We don't even know what's going on, but we do computer simulations of it
A universe containing life like ours is probably more common in the multiverse than previously thought, according to new theoretical studies.
Sadly the multiverse is a part of pulp fiction and about as solid science as Star Trek time-travel wormholes. It's a way to avoid having to solve the hard problems while feeling pretty good about it.
The idea of multiple universes existing in parallel has gained traction in the last few decades
This is a mistaken belief that is generated by looking at the flashy dubious papers, lavishly illustrated popular science output and sellable bookware. There is not even a consenseus on what the Multiverse is (the interpretations range from Everett Multiverses (a new universe on each decoherence, an incoherent idea if there ever was one) to Linde Multiverses (one infinite universe with many domains) to Guth Multiverses (eternal inflation with universe bubbles) to String Landscape Multiverses (I don't even know in what the Stringoverse Landscape lives).
The Degenerated Science that is the Multiverse (soon to be merged with SJW-ness into the Multicultiverse, I imagine) is deservedly ripped at the Multiverse Mania part of Peter Woit's Blog.

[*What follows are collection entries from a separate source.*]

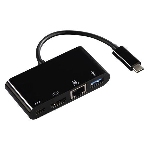 Adaptateur Multi USB-C 4 en 1 pr USB 3.1, HDMI LAN et USB-C (don. + PD)
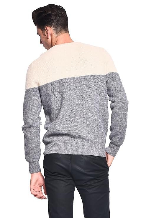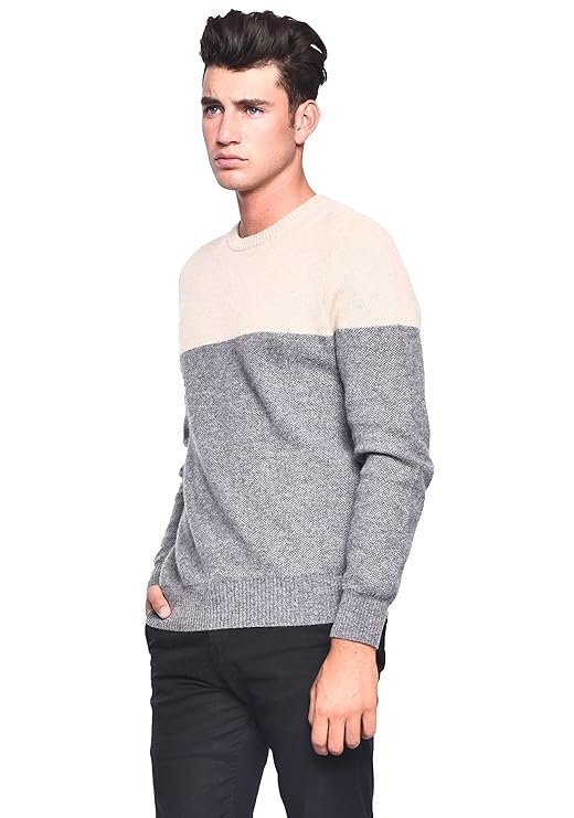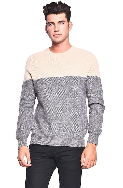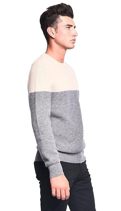 3VERY Men’s Women’s Unisex 100% Cashmere Cozy 2-Tone Round Neck
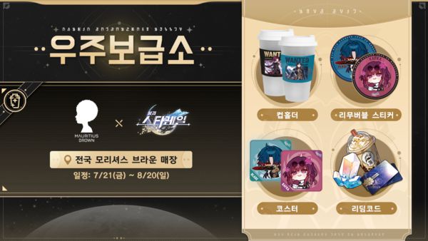 또 21일부터 내달 20일까지 전국 모리셔스 브라운 매장에서 콜라보레이션을 실시한다는 점에서 팬층의 관심이 쏠릴 것으로 보인다. 콜라보 세트를 판매하며 컵홀더, 리무버블 스티커, 코스터, 리딤 코드 등을 지급할 예정이다. 내달 4일부터 6일까지는 스텔라론 헌터의 출몰도 예고해 기대가 모아지고 있다.
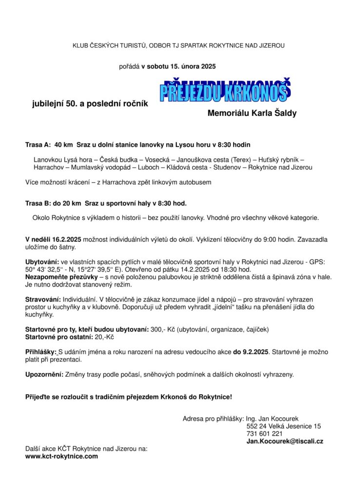 PŘEJEZD KRKONOŠ – Memoriál Karla Šaldy KČT TJ Spartak Rokytnice nad Jizerou vás zve na 50. ročník lyžařského přejezdu Krkonoš. Přečtení: 17
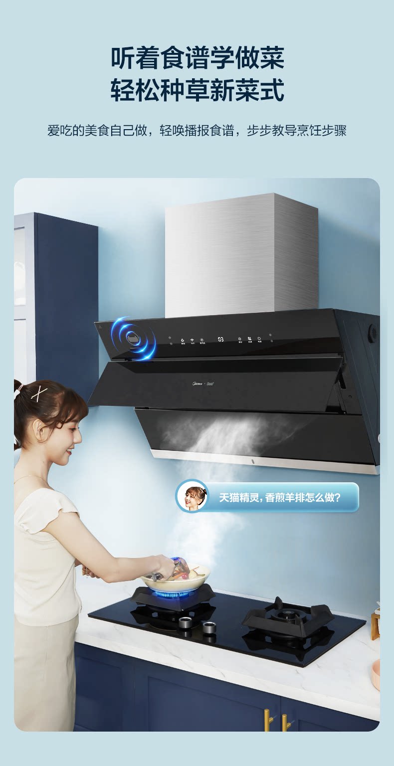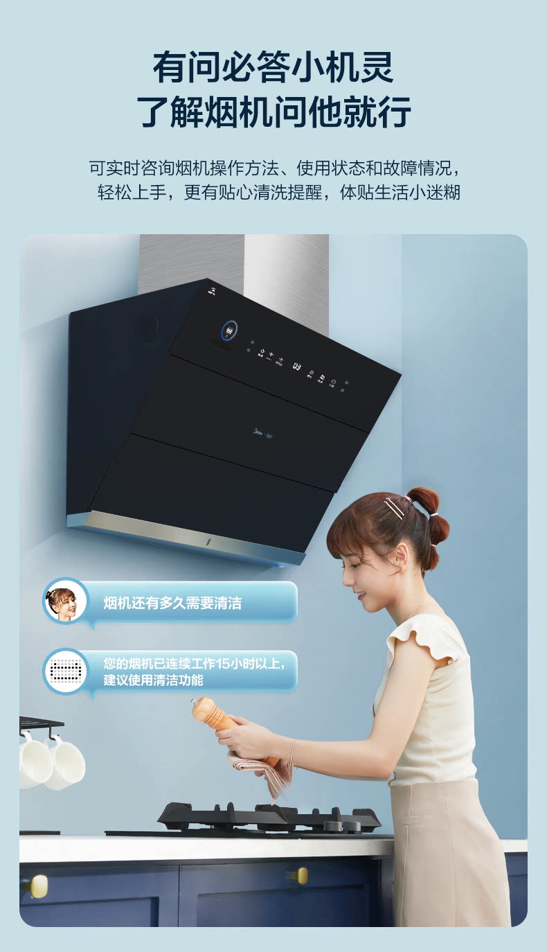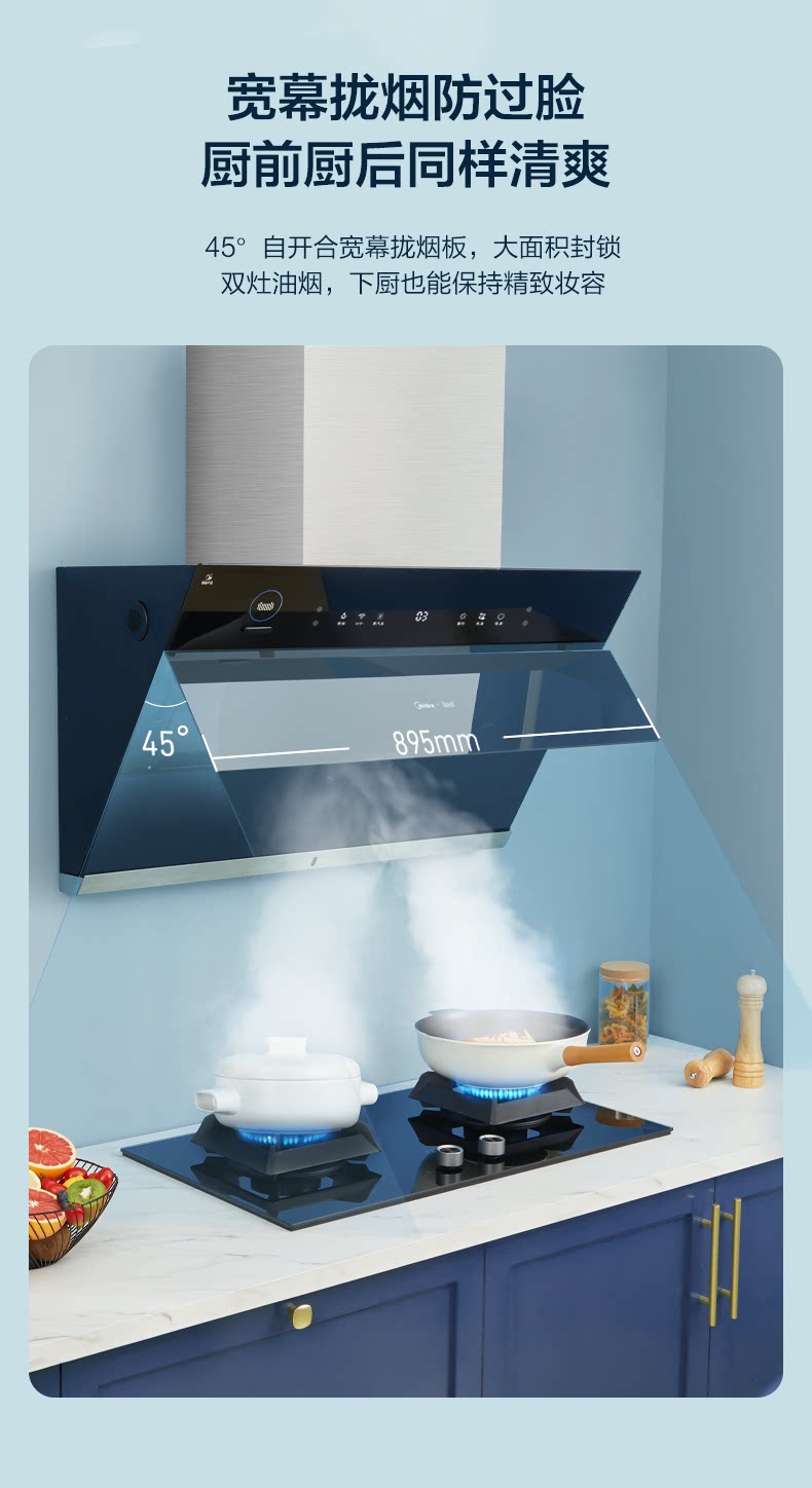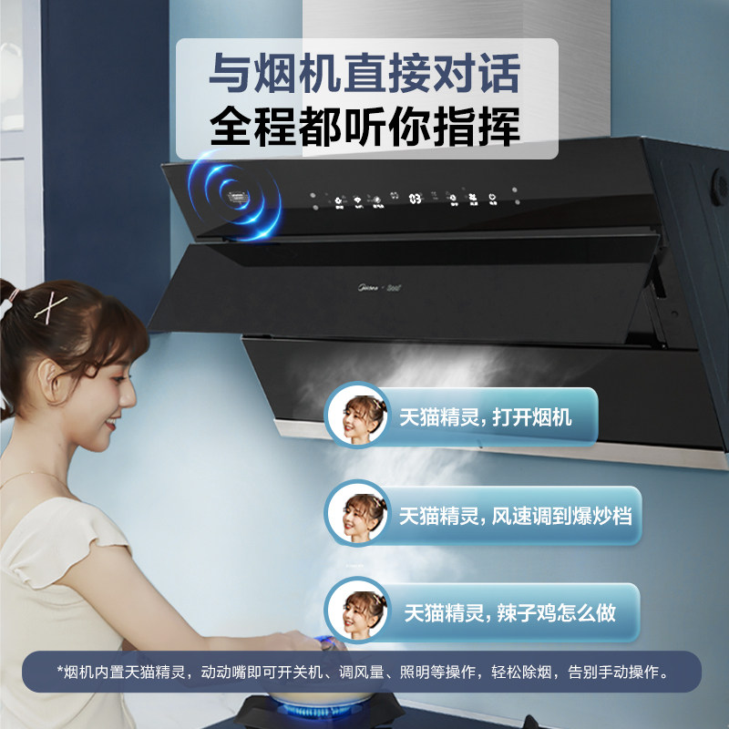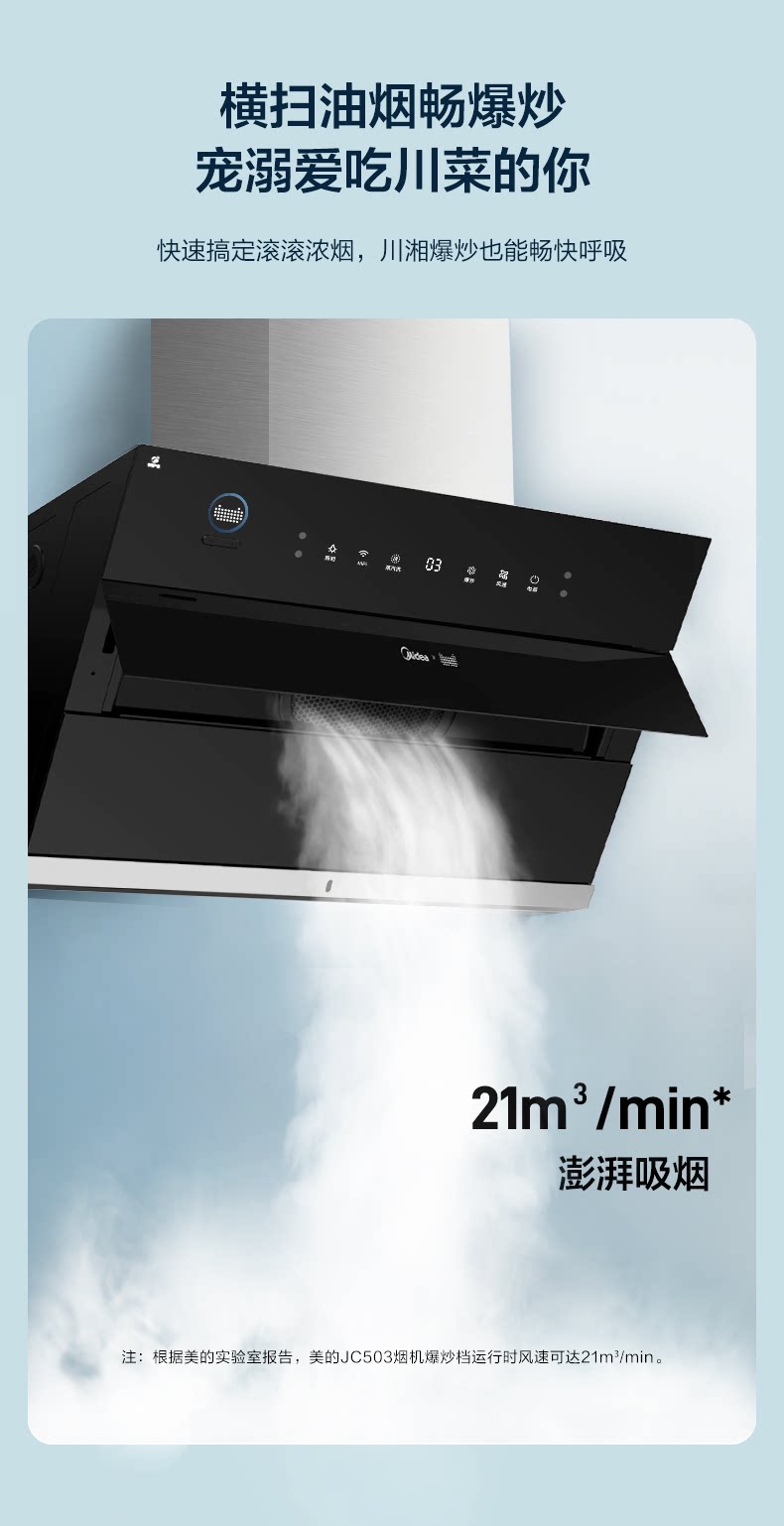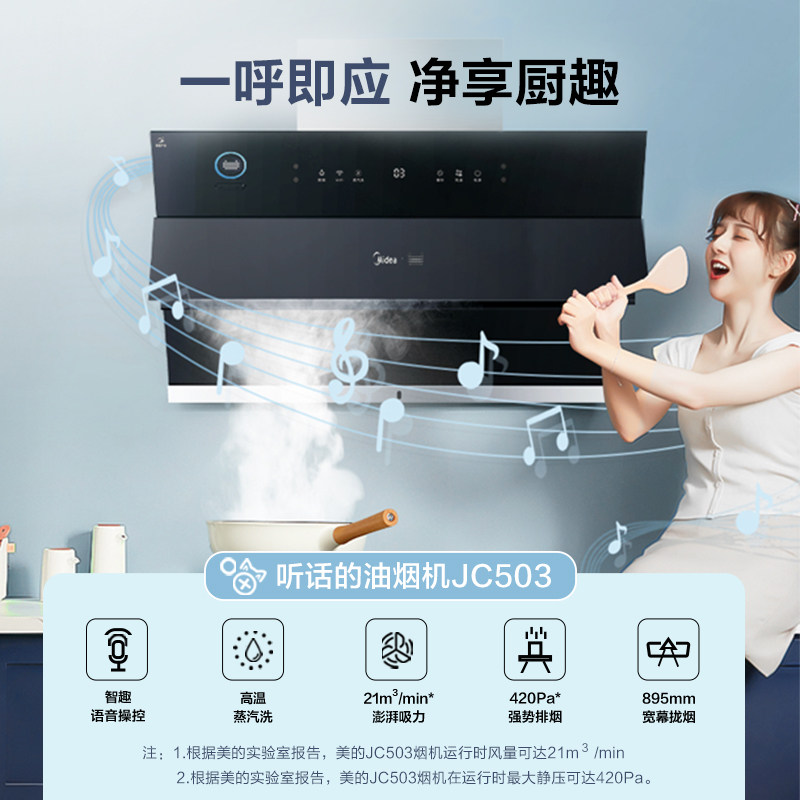 Midea JC503 боковой всасывающий дым всасывающий капюшон всасывающий капюшон домохозяйственная кухня большая всасывающая сила самостоятельно промывая паровая интеллект

In particular, we read: New Year’s Multiverse, January 2017 and from 15 Years of Multiverse Mania, January 2018:
Back in 2003-4 I never would have believed that the subject would end up in the state it finds itself in now. With the LHC results removing the last remaining hope for observational evidence relevant to string theory unification, what we’ve been seeing the last few years has been a concerted campaign to avoid admitting failure by the destructive tactic of trying to change the usual conception of testable science. Two examples of this from last week were discussed here, and today there’s a third effort along the same lines, Quantum Multiverses, by Hartle. Unlike the others, this one includes material on the interpretation of quantum mechanics one may or may not agree with, but of no relevance to the fundamental problem of not having a predictive theory that can be tested. ....
.... A good place to look for information about the current state of string landscape [one special form of the multiple interpretations of the "Multiverse"] calculations is at the website for this workshop. The idea that the problems of this subject can be solved by “modern techniques in data science” seems to me absurd, but for a different point of view, look at the slides of Michael Douglas. For something more sensible, try the talk by Frederik Denef, which describes some of the fundamental intractable problems:
-> You don’t have a complete theory, with only some non-perturbative corrections known, no systematic understanding of these.
-> Dine-Seiberg Problem: When corrections can be computed, they are not important, and when they are important, they cannot be computed.
-> Measure Problem: Whenever a landscape measure is strongly predictive, it is wrong, and when it’s not, we don’t know if it’s right.
-> Tractability Problem: Whenever a low energy property is selective enough to single out a few vacua, finding these vacua is intractable.
Denef does make some very interesting comments about where modern techniques in data science might actually be useful: dealing not with the landscape of string vacua, but with the huge landscape of string theory papers (e.g. the 15,000 papers that refer to the Maldacena paper).